How to Make Bicycle Baskets out of Wastebaskets

Reader Contribution by Lindsey Siegele

My husband and I live in a small apartment. We adore our modest space, and it provides nearly everything we need for the time being. However, when I write blogs about How to Build Your Own Reading Nook or how to Make Your Own Homemade Hammock, I can only glance around at my small home and longingly think, someday.

“Someday” came a lot sooner than I had expected, when I finally found a Do-It-Yourself article tailored specifically to my needs: Low-cost Bicycle Baskets. My husband and I are a one-car family, which didn’t become a problem until recently when I began working three times a week at a fair distance from home. He got a job in our town, and our bus system is just slow enough to get him to work in the time that it would take him to walk there (and back some days). Needless to say, we needed a fix, and buying another car was not an option.

We decided to buy him a bicycle, which was, in and of itself, quite a chore. We bought a beautiful dark-blue 10-speed with a rear rack, unassembled. We lugged the box into our apartment, where it took up the majority of the space in our living room, and I, the “handyman” of our family, began the assembly process. I remember thinking, “How hard could it be?” right before I opened what this bicycle company had the gall to call “instructions.”

An hour later, I was sitting on the floor, close to tears, surrounded by tools and glaring hatefully at those “instructions,” which were printed in a font size so small that my 20/20 eyes could barely read them. The numerous tiny diagrams–bike parts were labeled with numbers, yet no numbers were ever defined–stared back at me from the pages, mockingly.
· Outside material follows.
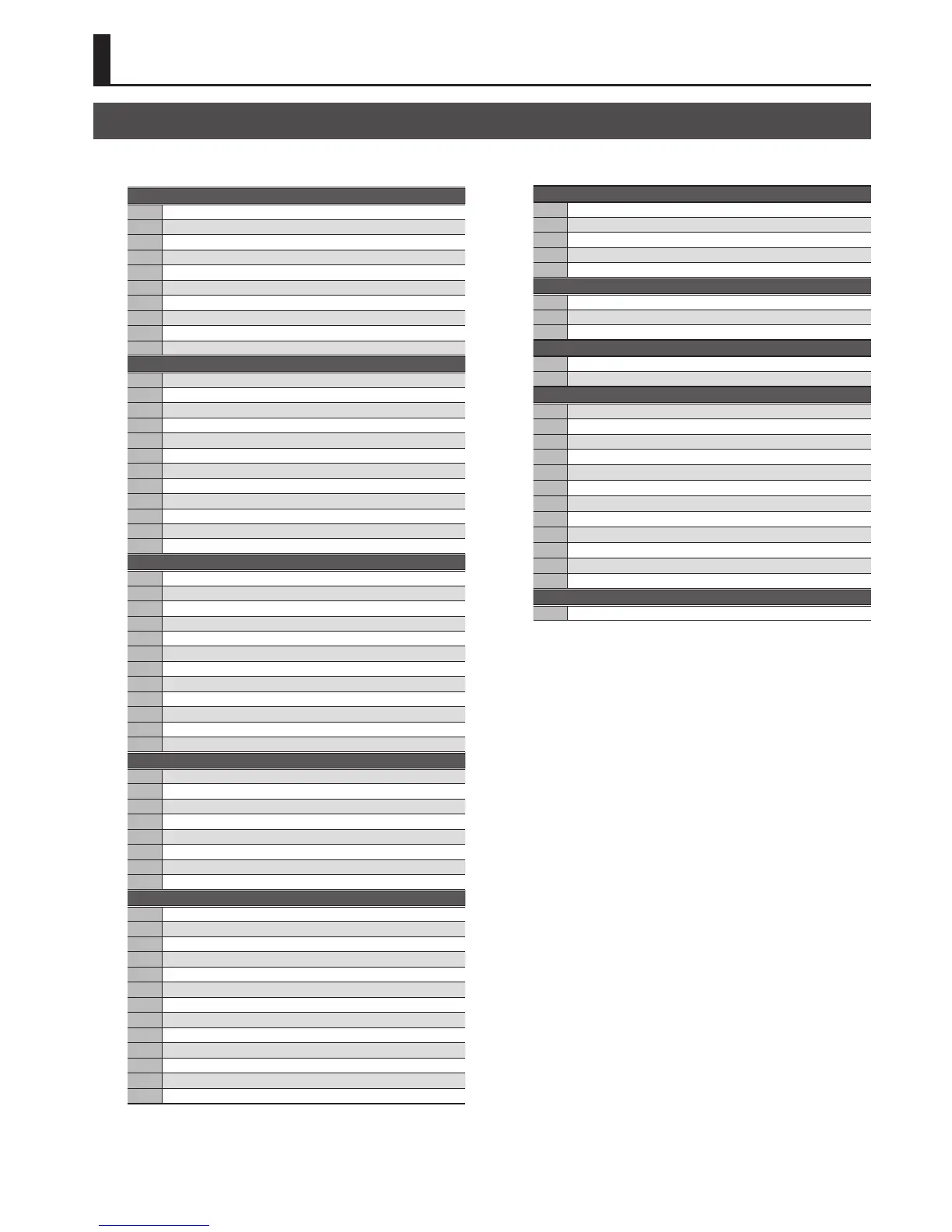 For details on the parameters of each eect, refer to “Parameter Guide PDF.”

Today, my husband has a fully-assembled bike, but only after more excitement. He took the first bike back to the store and begged a worker for help. Then he came home and took his newly-assembled bike for its first ride…and all of its chains fell off. Muttering under my breath that buying a brand new car would be worth avoiding this nonsense (I may be the family handyman, but I’m also the designated drama queen), we trudged back to the store and took the floor model this time. No problems so far, fingers crossed.

After all of that pain and torture, I finally talked myself into starting the project that I had assumed would be at least as tedious as the bike assembly: tying baskets to the rack. My husband had been concerned, and rightfully so, about taking small errands to the grocery store on his bike and then trying to cart the bags back home. Baskets were our best bet, and we needed them to be durable.

It’s hard for me to express my gratitude for a project that is simple, takes only a few minutes and delivers. We bought a couple of cheap plastic trash cans and rope, tied it all together on the rack, and now my husband can grocery shop to his heart’s content without needing our car. Best of all, we’re saving on gas, and our carbon footprint will stay small.

I learned through Tax Credit for Bicycle Commuting that my husband may be able to score $20 a month just for riding his bike to work a few times a week or more. Maybe the whole thing will be worth it after all.